Le déclin progressif de la Sérénissime
En 1261, avec la complicité des Génois, l’ancienne dynastie de Constantinople reprend la ville et affronte la flotte des Vénitiens en Dalmatie. Marco Polo est alors capturé et les deux tiers de la flotte sont détruits.
Cependant, le déclin de la république de Venise, que l’on observe dès le XVIe siècle, dépend d’évolutions historiques qui bouleversent son équilibre. Fernand Braudel, historien spécialiste de la Méditerranée, en éclaire les raisons :
« Ce qui a eu raison de Venise, ce sont les routes du monde qui se déplacent lentement de la Méditerranée à l’Atlantique ; ce sont les États nationaux qui grandissent. Dès le XVIe siècle, Venise se heurte à ces corps épais : l’Espagne, la France, l’une et l’autre avec des prétentions impériales ; plus encore surgit l’Empire turc, colosse d’un autre âge, mais colosse, contre lequel elle s’épuisera. »

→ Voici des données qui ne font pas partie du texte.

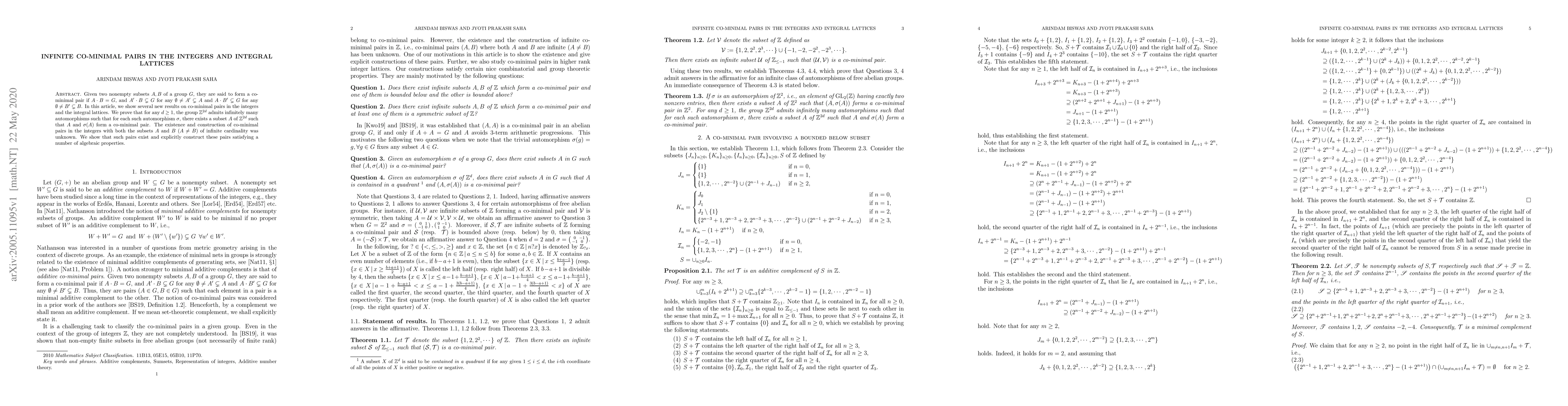 Given two nonempty subsets $A, B$ of a group $G$, they are said to form a co-minimal pair if $A \cdot B = G$, and $A' \cdot B \subsetneq G$ for any $\emptyset \neq A' \subsetneq A$ and $A\cdot B' \subsetneq G$ for any $\emptyset \neq B' \subsetneq B$. In this article, we show several new results on co-minimal pairs in the integers and the integral lattices. We prove that for any $d\geq 1$, the group $\mathbb{Z}^{2d}$ admits infinitely many automorphisms such that for each such automorphism $\sigma$, there exists a subset $A$ of $\mathbb{Z}^{2d}$ such that $A$ and $\sigma(A)$ form a co-minimal pair. The existence and construction of co-minimal pairs in the integers with both the subsets $A$ and $B$ ($A\neq B$) of infinite cardinality was unknown. We show that such pairs exist and explicitly construct these pairs satisfying a number of algebraic properties.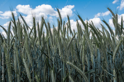 green wheat field in summer time

Le 12 mai 1797, la république est occupée par les troupes de Napoléon Bonaparte au terme de la campagne d’Italie. Le traité de Campo-Formio, signé au mois d’octobre entre la France et l’empire d’Autriche, fait de la Cité-Etat une province vénitienne. Malgré des épisodes de résistance politique, comme celui de la république de Saint-Marc 1848-1849 contre les autorités autrichiennes, Venise, Cité-Etat, n’est plus.

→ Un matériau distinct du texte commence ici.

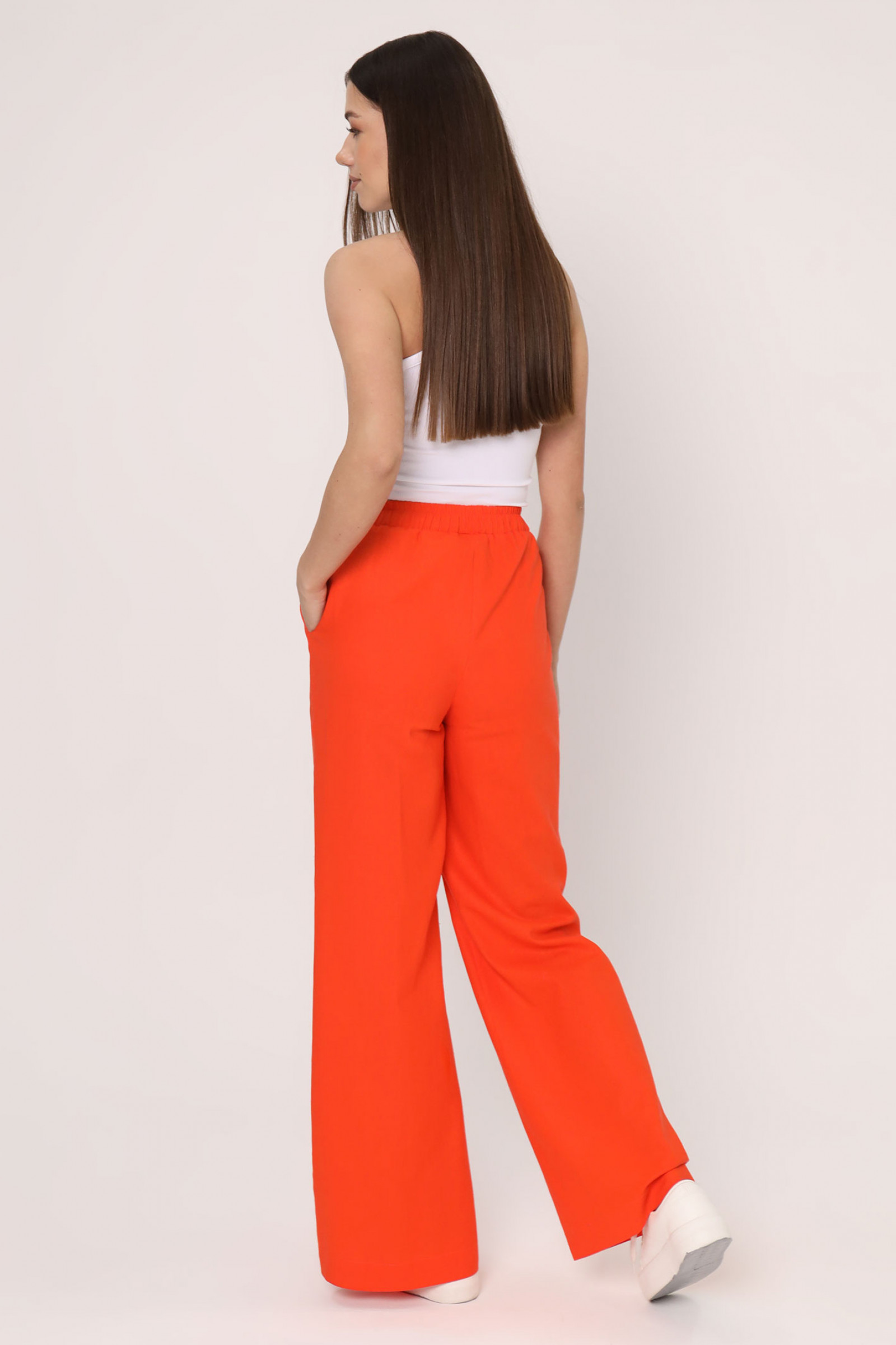 Прямые широкие брюки – удобная одежда, повседневной носки и особых случаев. Стильные брюки для прямые по силуэту. Пояс, дополненном резинкой, что очень удобно. В области боковых швов располагаются прорезные карманы. Отлично сочетается с блузками, футболками, топами, майками, жакетами. Данные брюки пошиты из льняной ткани. Льняная ткань обладает гигроскопичностью, воздухопроницаемостью и подойдёт для жарких дней. Заказывайте летние брюки больших размеров, чтобы пополнить свой сезонный гардероб практичной вещью.

L’histoire de Venise se confond avec celle du commerce et des échanges entre l’Orient et l’Occident, de l’identité de la Méditerranée et également des conséquences des grandes explorations des XVe et XVI siècles. Si le Nouveau Monde a eu raison du déclin de l’empire vénitien, la cité des Doges aura, incontestablement, façonné notre système d’échanges commerciaux.
Sources :
- Histoire pour tous – Histoire de la quatrième croisade
- L’Histoire.fr – L’Empire vénitien
- Fernand Braudel, « Venise », Fernand Braudel (dir.), La Méditerranée. L’espace et l’histoire. Les hommes et l’héritage, Paris, Flammarion.